LeBron James got some much-needed help at the deadline. NBA.com

If the Cleveland Cavaliers do what I predicted they would do at the start of the year and win the Eastern Conference, there is one man and one man only to credit. Of course, most of you will say that man is LeBron James and you would not be wrong, to a certain extent. However, this year, there is someone that has been more important to the team and franchise than even the King himself.

In his first full year on the job, Cavaliers general manager Koby Altman thought he had it made. He had the best player on the planet and a loaded roster of All-Stars and talented role players. Even after the departure of Kyrie Irving—in a trade that he was forced to facilitate at the request of owner Dan Gilbert—he had a talented team capable of being the best team in the conference and maybe the entire league. Regardless of how that trade would work out, he would have no pressure and no blame as it all happened and went down while he was still settling in to his new job and position. The owner pulled the trigger and all he had to do was orchestrate the pieces coming back. On paper it looked as if they got as good a deal as they possibly could have gotten and in doing so kept the team strong and capable of another trip to the NBA Finals.

Well, what a difference a few months can make? The Cavaliers were expected to struggle early in the season as they built chemistry and camaraderie getting used to their new pieces joining an already-established nucleus of playoff veterans. The struggle was real and in fact the reality check was, it never got better and in fact got considerably worse.With each passing day, it seemed as if LeBron was inching closer and closer to skipping out the door, while the rest of the team seemed to be bickering and in a power struggle of their own, trying to fight for enough playing time to get their individual numbers while completely disregarding any team goals or accomplishments.

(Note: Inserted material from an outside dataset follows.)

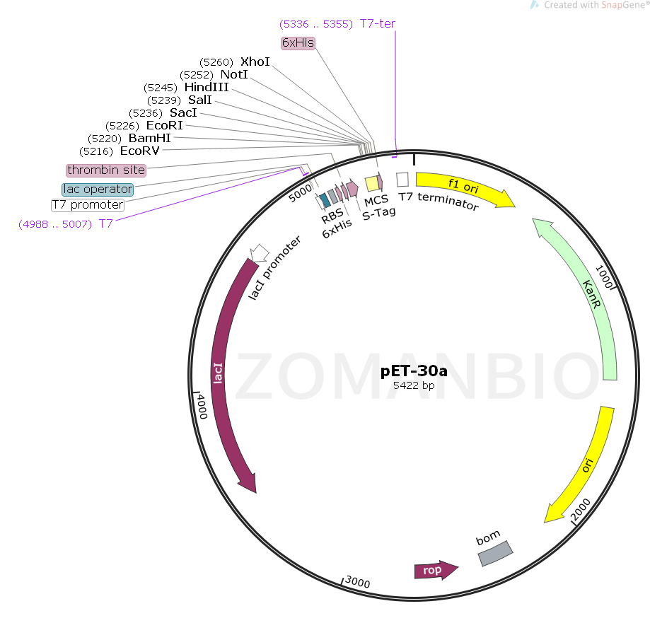 pET-30a質(zhì)粒是一種原核表達(dá)載體,C端含有一個(gè)6×His affinity標(biāo)簽,N端含有一個(gè)thrombin位點(diǎn)、6×His affinity標(biāo)簽、EK標(biāo)簽和S標(biāo)簽。該質(zhì)粒含有多個(gè)常用的酶切位點(diǎn),便于不同基因克隆。表達(dá)由宿主細(xì)胞提供的T7 RNA聚合酶誘導(dǎo),目的基因被克隆到質(zhì)粒載體上,受噬菌體強(qiáng)轉(zhuǎn)錄及翻譯信號(hào)控制。

On the day of the NBA trade deadline, with less than 24 hours on the clock, Altman was faced with the daunting and seemingly impossible task of transforming his entire roster. That, or face the very real possibility that his team would implode and his best player would exit stage left for greener pastures and the sunny skies of LA, Houston or another city. In professional sports, when teams and general managers know you are in desperation mode, their first thought is to try and rob you blind and steal your best players, while giving back nothing substantial in return. That was definitely the scenario for Altman in Cleveland and with that, it seemed even more impossible to believe he could pull off any substantial deals that would help turn the team around and give them a chance at another Finals appearance. Critics were waiting to pounce on the collapse of the Cavaliers, while the city of Cleveland and its entire fanbase braced for what looked to be the end of an era and the departure of their beloved native son.

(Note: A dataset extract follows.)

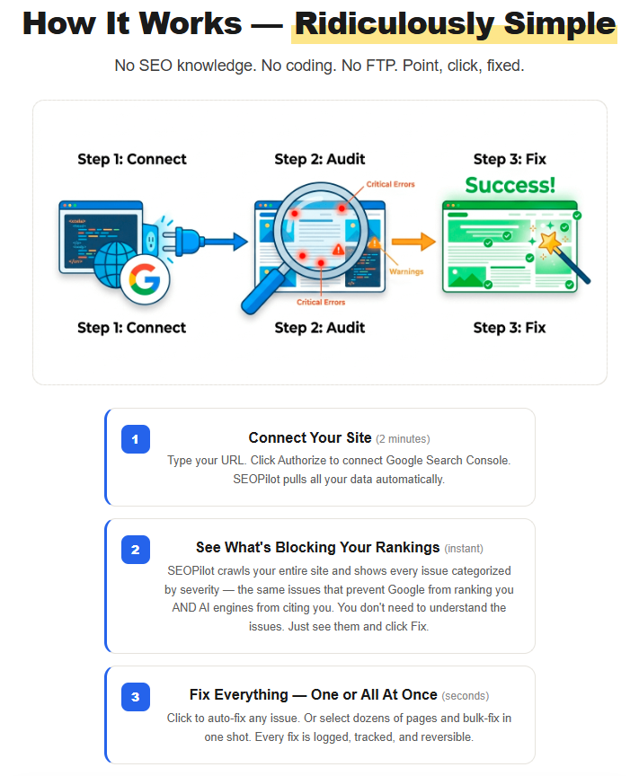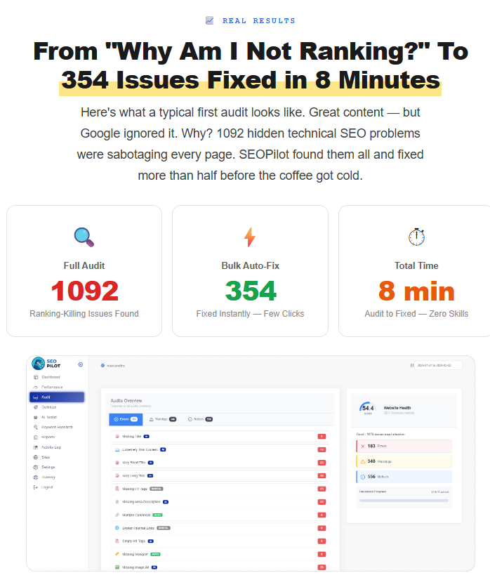 Enter SEO Pilot, an all-in-one platform designed to audit your entire site and auto-fix these issues instantly with just one click. No coding, no SEO degrees, and no agency fees. This could be the game-changer your website’s been waiting for.

It was make or break time for the young general manager, and to his credit he dug in and started swinging for the fences. By the time the dust had cleared and the deadline had passed, Altman was four for four with a couple of home runs and a few extra base hits. He was able to take six players who just did not fit the team and the culture and flip them for three young studs and one seasoned veteran point guard that has been through the wars of playoff basketball and knows how to facilitate for a team full of superstars. Gone were Jae Crowder, Isaiah Thomas, Dwyane Wade and Derrick Rose, who never really fit the Cavs culture or system, along with holdovers Channing Frye and Iman Shumpert. Joining the Cavs were talented young players Jordan Clarkson and Larry Nance Jr from the Lakers, along with Rodney Hood from the Utah Jazz. Three very talented young kids, two of which had never sniffed the playoffs, let alone a chance to play for a ring. George Hill, who made appearances in the postseason with the Spurs and Pacers, also arrived in "The Land" shooting 45 percent from behind the arc.

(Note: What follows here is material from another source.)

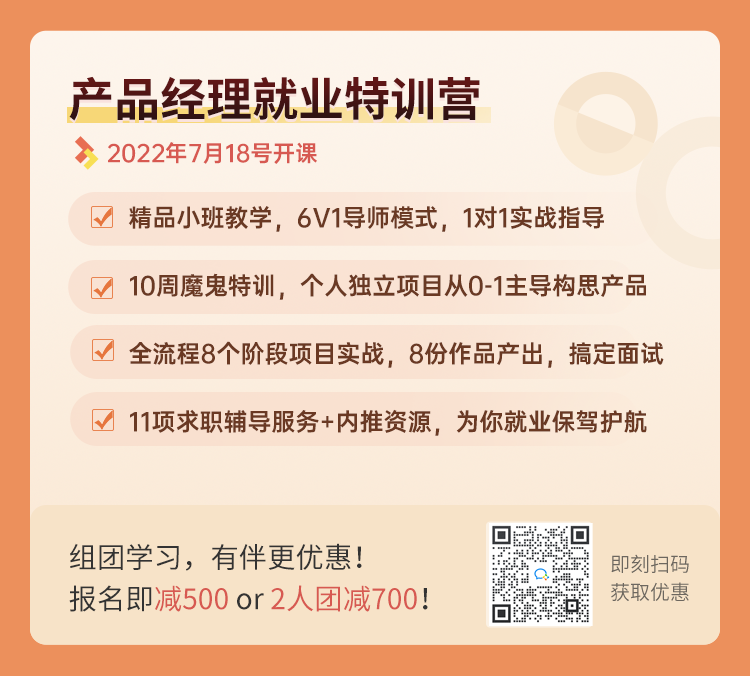 不少同学找我要咨询和规划:“自学没效果还错过了实习,还有机会吗?”,“只要开始,都有机会!”快速入行拿下产品offer,特训营7月开班,暑期、秋招都能搞定!

If their first game together was any indication, the Cavaliers are going to be a force in the Eastern Conference once again and look to be as strong as ever. Sunday, the Cavs absolutely demolished the Boston Celtics and Kyrie Irving and in doing so sent a message to not only the rest of the conference but to the entire NBA that before all is said and done Cleveland will be heard from again, as they are once again having fun. Three of the four newcomers were in double figures and Nance Jr played 21 minutes scoring 5 Points, grabbing 5 rebounds and adding 3 assists. They played with passion, the bench was supportive and excited and LeBron seemed as happy and animated as he has been all season long. If that trend continues, the Cavs will have pulled off one of the most improbable and impossible mid-season transformations and turn arounds in league history. Trading six players at the deadline and getting better? Obviously a lot is still to be determined, but if it all plays out in Cleveland's favor, Koby Altman should be the one to get all the credit and he might want to consider a run for mayor. As KG once said, "Anything is possible!!!"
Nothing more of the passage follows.